Thanks so much for the advice! I am absolutely putting my foot down. I have had it. I have tried for a year now to be ultra nice and side with my SD on everything. It is obvious to me now that no matter what I do, I am going to be the bad guy. So from now on things are being done my way. I am going to kindly ask my fiance to immediately shut down any discussion from her regarding me controlling. I refuse to have my home ruled by a almost 9 year old. This is ridiculous. I am not longer emotionally attaching myself to whether or not she "likes" me. I am going to definitely insist that my fiance makes it clear that he will not listen for one second to her critiquing me.
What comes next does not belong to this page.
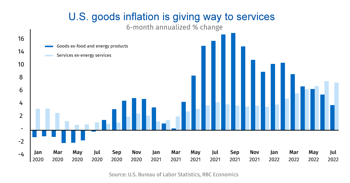 Despite evidence global inflation pressures may have finally peaked, it will take more than easing supply chain conditions to bring price growth fully back to target. Indeed, we expect headline inflation in Canada to end the year at a still-elevated 6.2%, buoyed by higher demand for travel and leisure services. Recent developments have been positive—year-over-year CPI growth edged lower for the first time in a year in July on lower gasoline prices. And we expect inflation to ease closer to central bank target rates by the end of 2023. But we don’t expect that to happen without higher interest rates and a further slowing in consumer demand.

I think next week I am going to require a sit down with the two of them and explain that I am an adult in the house and therefore my word goes. Period. And I am going to insist that my fiance backs me up. I am tired of hearing the "so I don't get a choice in anything" whine from her. No you are EIGHT. You do not. Ridiculous. I understand that since my fiance only sees her once a week he wants her to enjoy the time, but he is turning her into a monster. And I am not dealing with that crap. Thanks for the support!!!

kmigs26's picture

How do I emotionally separate myself and not feel personally attacked and wounded from my SDs manipulative behavior regarding me...and what she says to her father to that end? Shes not even 9...why do I get so upset? And, also, how do I deal with the jealousy of the simple fact that my fiance has a child? I find it really really hard to understand why he even wants her around. (I know on a logical level...he's her father.) But I just find her to be irritating as all hell and an extra burden to me. Especially since she is manipulating the crap out of her father and apparently struggling for power with me. Who knew that 8 year olds even did that...spoiled.

kmigs26's picture

I have never voiced to her that she isn't allowed to choose. It's never come up before. She knows that I'm choosing colors for the rest of the house. Not out of control but because my fiancé wants me to. He doesn't trust his own design technique. I am irritated bc she told her father an outright lie. Li never told her she couldn't paint the room. I am realizing lately that I'm not going to allow it because she changes her mind every two seconds anyway. First she wanted blue. Then yellow. Then hot pink. Now back to blue. So I'm painting the room a neutral color that makes sense and will make sense in the future. I didn't get to pick my room out at 8. 8 year olds don't have the capacity to see the consequence of their decision in the future. That I know for sure because I work with kids all day every day. I am also not going to pain the room multiple times for no reason. Money is tight. So I'm not going and buying paint to then buy it again in a year. It's unreasonable for my fiancé to paint the same room twice in such a short period of time. So the decision has been made. My fiance is 100% on board. She can pick out things that aren't permanent.

kmigs26's picture

Also, I go out of my way for my SD. My fiancé has no doubt that I do. So he isn't confused. At all.

kmigs26's picture

My SD is agreeable at times. Other times she says the exact opposite of what her dad and I say. I think she gets that from her mom. If I thought that we could pick a decent color without a hissy fit and tears that I definitely would do that. I just don't think it's a possibility. Stuff that I can easily replace I have no problem with her having input on. I also think it's a good lesson for her bc she tends to demand control over her father. I think with my support he might be more prone to (for lack of a better term) grow a damn pair and stop acting like a child himself!